Inevitably, clients in a down market get testy about fees. It's bad for commission-based brokers, but also bad for RIAs and other advisors who charge management fees based on the values of portfolios. Clients who are losing money may object to paying for the privilege.

With many brokers at full-service firms gradually moving to asset-based fees, some RIAs, in an effort to meet client needs and compete with larger firms, have been experimenting with flat annual retainers. While tying one's services to an asset-based fee aligns a broker with a client's goals, a flat retainer places the value specifically on the advice rather than on investment performance, which isn't likely to beat the market, says Matt McGuiness, a Cerulli analyst.

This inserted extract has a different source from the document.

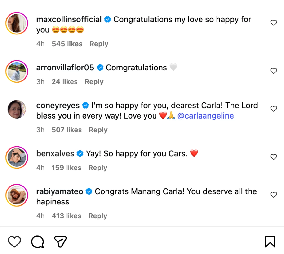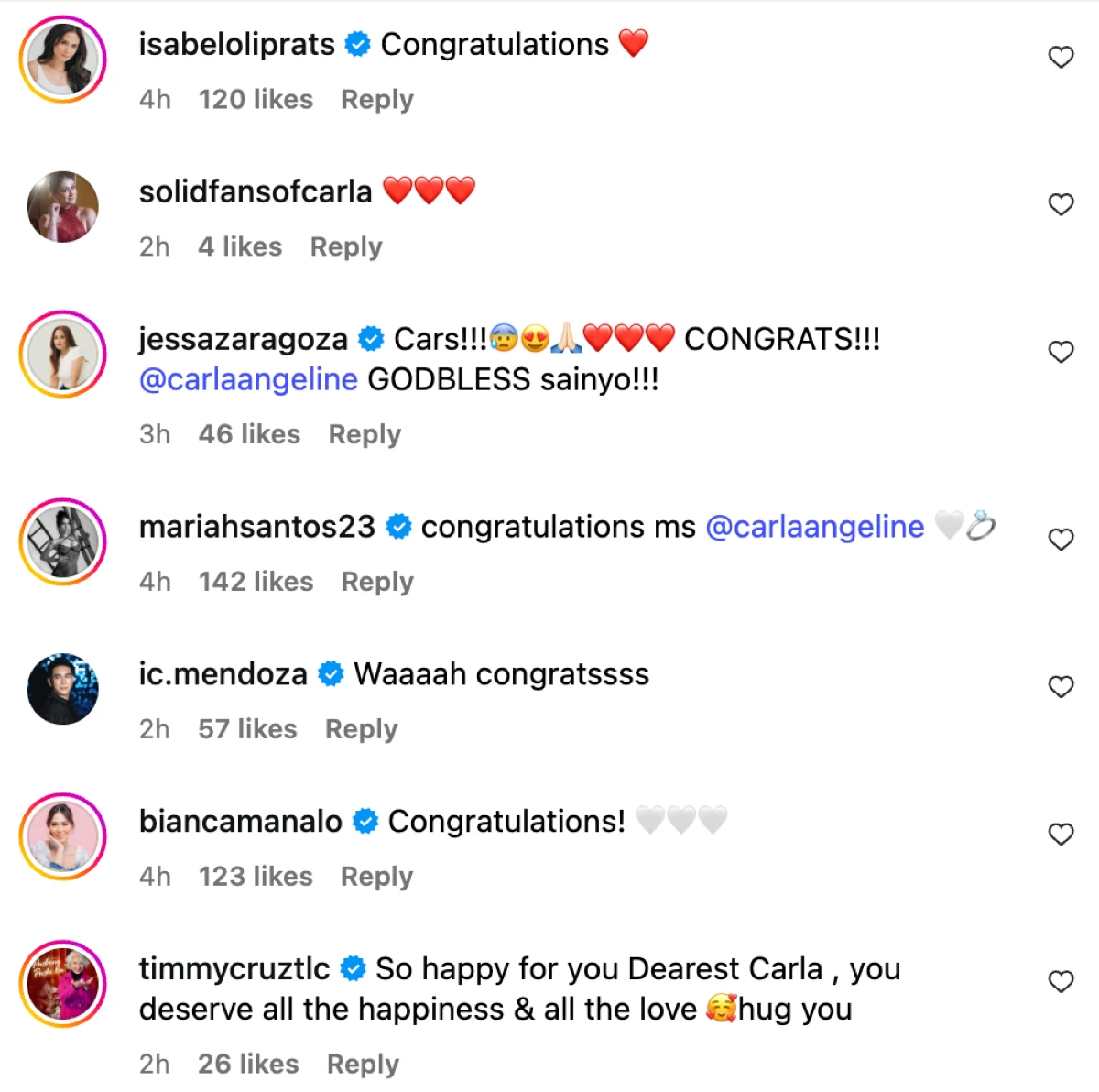 Celebrity friends and netizens congratulated Carla on her rumored engagement. Some comments:

Ron Yolles of Yolles-Samrah Investment Management in Southfield, Mich., says he started getting requests for flat retainers in the last couple of years. And some RIAs are experimenting with deals on management fees for bigger clients — say, those with $5 million or more. They're offering, for example, a $30,000 retainer rather than a 1 percent management fee, depending on portfolio complexities. Stewart Welch III of the Welch Group in Birmingham, Ala., says his group is considering situations where such a fee would be reviewed and altered after a two-year period.

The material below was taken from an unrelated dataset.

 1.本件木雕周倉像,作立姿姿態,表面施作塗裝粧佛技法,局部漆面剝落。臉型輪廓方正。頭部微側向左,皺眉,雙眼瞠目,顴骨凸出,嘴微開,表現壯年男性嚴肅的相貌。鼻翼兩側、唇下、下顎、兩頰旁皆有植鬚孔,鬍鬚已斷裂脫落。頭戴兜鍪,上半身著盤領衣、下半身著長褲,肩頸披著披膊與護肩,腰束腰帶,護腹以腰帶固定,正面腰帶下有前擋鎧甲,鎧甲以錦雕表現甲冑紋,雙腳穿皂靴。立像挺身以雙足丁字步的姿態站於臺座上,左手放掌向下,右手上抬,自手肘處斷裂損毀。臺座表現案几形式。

While the potential for retainers is growing, it's evolving slowly. Some independent advisors Registered Rep. interviewed say they're sticking with asset-based fees at this time. Mark Balasa of private wealth management firm Balasa Dinverno Foltz & Hoffman in Schaumberg, Ill., agrees that flat fees eliminate the connection between your compensation and market performance, although he wonders whether firms would risk under-billing for services.